4. La Société théosophique
Le mot « théosophie » a été emprunté, de 1875 à nos jours, par une société dont l'importance est tout à fait indéniable, mais dont la doctrine n'a que certains points communs avec ce qui précède. Il est regrettable qu'à l'heure actuelle ce mot évoque indifféremment ladite société et la théosophie du contexte abrahamique. Du moins en est-il ainsi en français ; car, en anglais, on fait plus volontiers la distinction entre theosophists et theosophers, les premiers désignant ce mouvement moderne.
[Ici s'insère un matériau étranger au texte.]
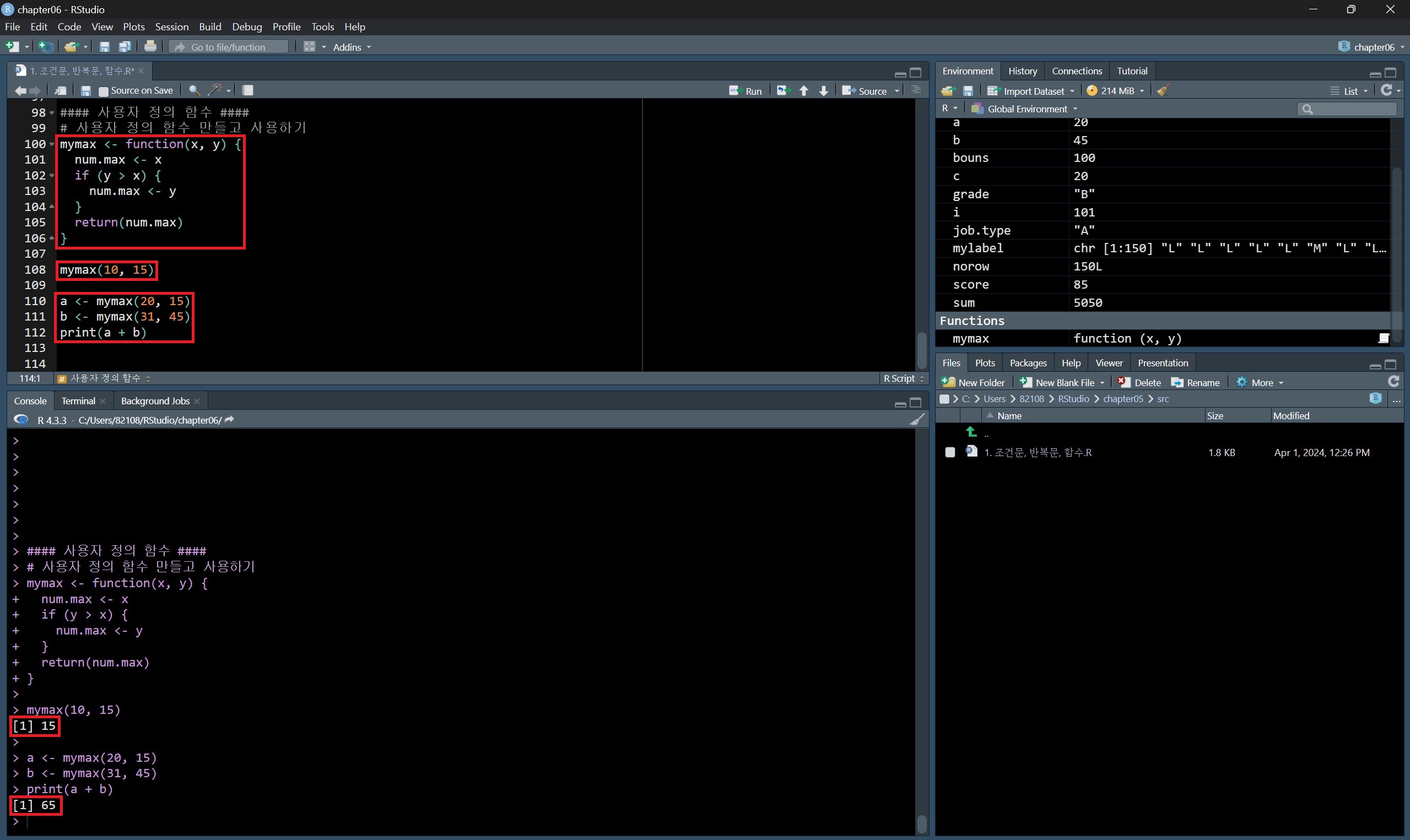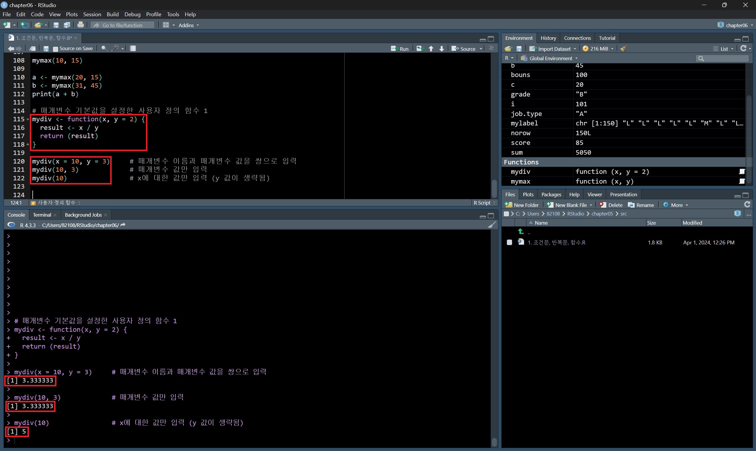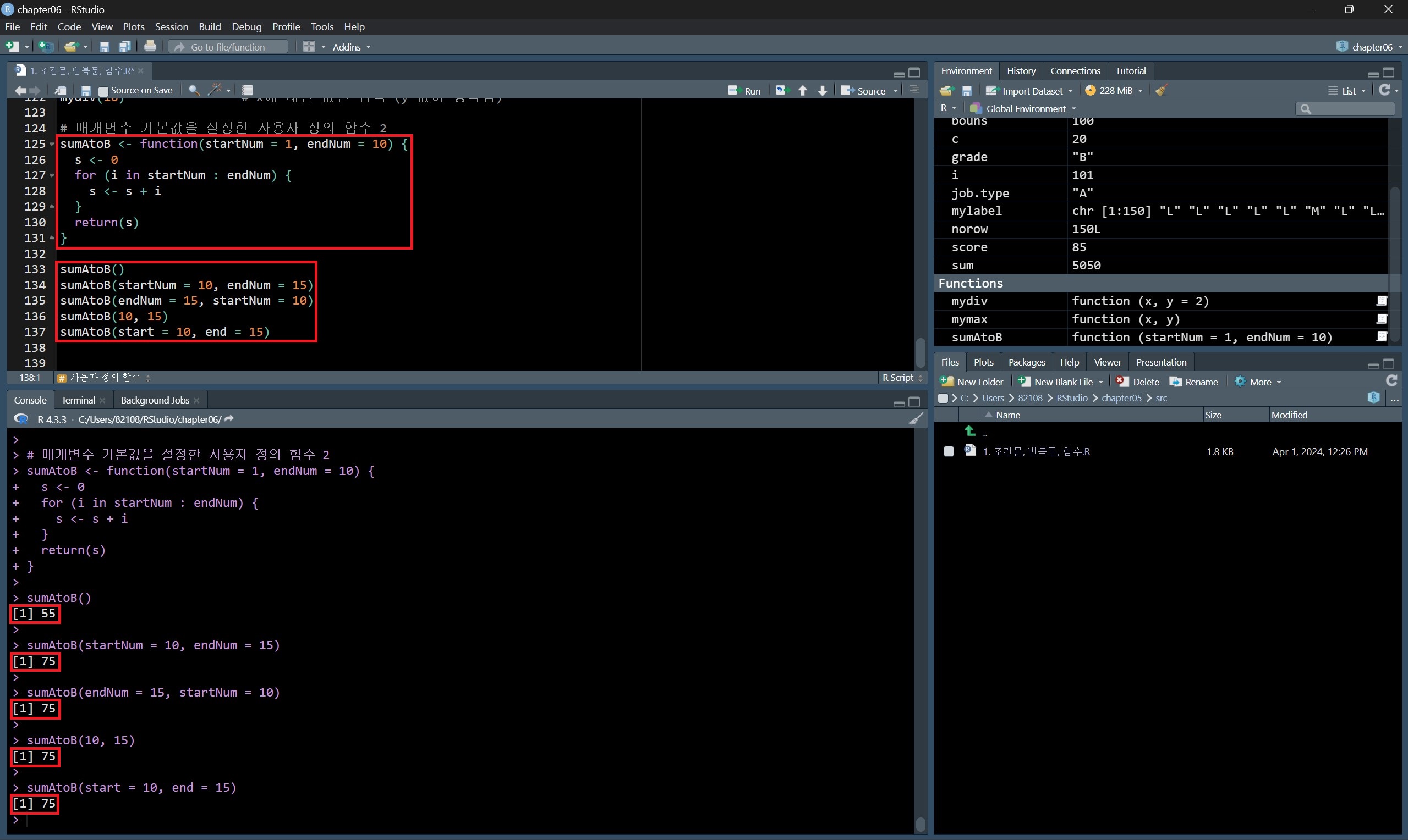함수를 저장한 파일을 source() 함수에 넣어 해당 함수를 불러올 수 있고, 불러온 함수는 위에서 함수를 호출하는 방식으로 호출하여 사용하면 된다.

René Guénon a bien précisé, avec une indispensable rigueur, qu'entre « la doctrine de la Société théosophique, ou du moins ce qui lui tient lieu de doctrine, et la théosophie au sens véritable de ce mot, il n'y a absolument aucun lien de filiation, même idéale », si bien qu'on ne saurait confondre l'un et l'autre « que par mauvaise foi ou ignorance » ; il n'y a même pas de doctrine de la Société théosophique, si par doctrine on entend « quelque chose de solide et de bien défini ».
Le colonel Henry Steel Olcott (1832-1907) rencontra Helena Petrovna Blavatski (1831-1891), dite H. P. B., vers 1874. Très impressionné par cette femme, qui avait exercé au Caire diverses activités, Olcott fonda avec elle, en 1875, aux États-Unis, la Société théosophique destinée à étudier l'occultisme et l'ésotérisme, selon des approches fort diverses, particulièrement orientales. Tous deux décident très vite de répandre aux Indes l'activité de leur Société théosophique, d'autant qu'ils paraissent avoir disposé d'un certain nombre d'appuis moraux et financiers ; ils arrivent dans ce pays en 1879, y recueillent un certain succès dans les milieux anglais, font l'acquisition en 1882, à Adyar, près de Madras, d'une belle demeure, qui reste aujourd'hui encore le centre mondial de la Société. En 1887, H. P. B. quitte les Indes pour Londres, mais Olcott continue à enseigner, aux Indes, un syncrétisme fait de bouddhisme, de théosophisme, ainsi que d'éléments empruntés à d'autres traditions religieuses.